Concerns have also been raised about how well the UK app will function technically, as it will be unable to plug directly into the Apple-Google API.

While international interoperability is emerging as a priority issue for the UK — in light of the Republic of Ireland’s choice to go for a decentralized system. 

Committee MP Joanna Cherry pressed Gould on that latter point today. “It is going to be a particular problem on the island of Ireland, isn’t it?” she said.

“It raises a further question of interoperability that we’ll have to work through,” admitted Gould.

Cherry also pressed Denham on whether there should be specific legislation and a dedicated oversight body and commissioner, to focus on digital coronavirus contacts tracing — to put in place clear legal bounds and safeguards and ensure wider human rights impacts are considered alongside privacy and security issues.

Denham said: “That’s one for parliamentarians and one for government to look at. My focus right now is making sure that I do a fulsome job when it comes to data protection and security of the data.”

Returning to the DPIA point, the government may not have a legal requirement to provide the document in advance of launching the app to the ICO, according to one UK-based data protection expert we spoke to. Although he agreed there’s a risk of ministers looking hypocritical if, on the one hand, they’re claiming to be very ‘open and transparent’ in the development of the app — a claim Gould repeated in his evidence to the committee today — yet, at the same time, aren’t fully involving the ICO (given it hasn’t had access to the DPIA), and also given what he called the government’s wider “dismal” record on transparency.

Asked whether he’d expect a DPIA to have been shared with the ICO in this context and at this point, Tim Turner, a UK based data protection trainer and consultant, told us: “It’s a tricky one. NHSX have no obligation to share the DPIA with the ICO unless it’s under prior consultation where they have identified a high risk and cannot properly manage or prevent it. If NHSX are confident that they’ve assessed and managed the risks effectively, even though that’s a subjective judgement, ICO has no right to demand it. There’s also no obligation to publish DPIAs in any circumstances. So it comes down to issues of right and wrong rather than legality.

“Honestly, I wouldn’t expect NHSX to publish it because they don’t have to,” he added. “If they think they’ve done it properly, they’ve done what’s required. That’s not to say they haven’t done it properly, I have no idea. I think it’s an example of where the concept of data ethics bumps into reality — it would be a breach of the GDPR [General Data Protection Regulation] not to do a DPIA, but as long as that’s happened and we don’t have an obvious personal data breach, ICO has nothing to complain about. Denham might expect organisations to behave in a certain way or give her information that she wants to see, but if an organisation’s leadership wants to stick rigidly to what the law says, her expectations don’t have any powers to back them up.”

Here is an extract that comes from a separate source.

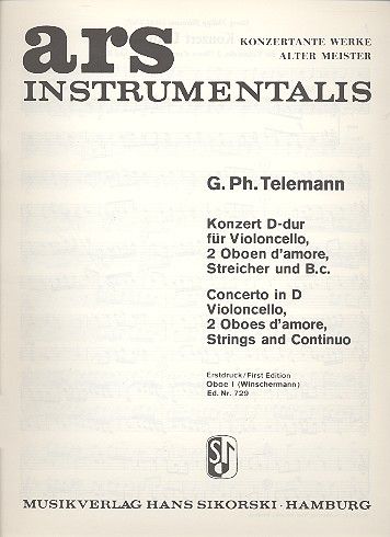 Konzert für obligates Violoncello, 2 Oboen d'amore, Streicher und Bc

On the government’s claim to openness and transparency, Turner added: “This isn’t a transparent government. Their record on FOI [Freedom of Information] is dismal (and ICO’s record on enforcing to do something about that is also dismal). It’s definitely hypocritical of them to claim to be transparent on this or indeed other important issues. I’m just saying that NHSX can fall back on not having an obligation to do it. They should be more honest about the fact that ICO isn’t involved and not use them as a shield.”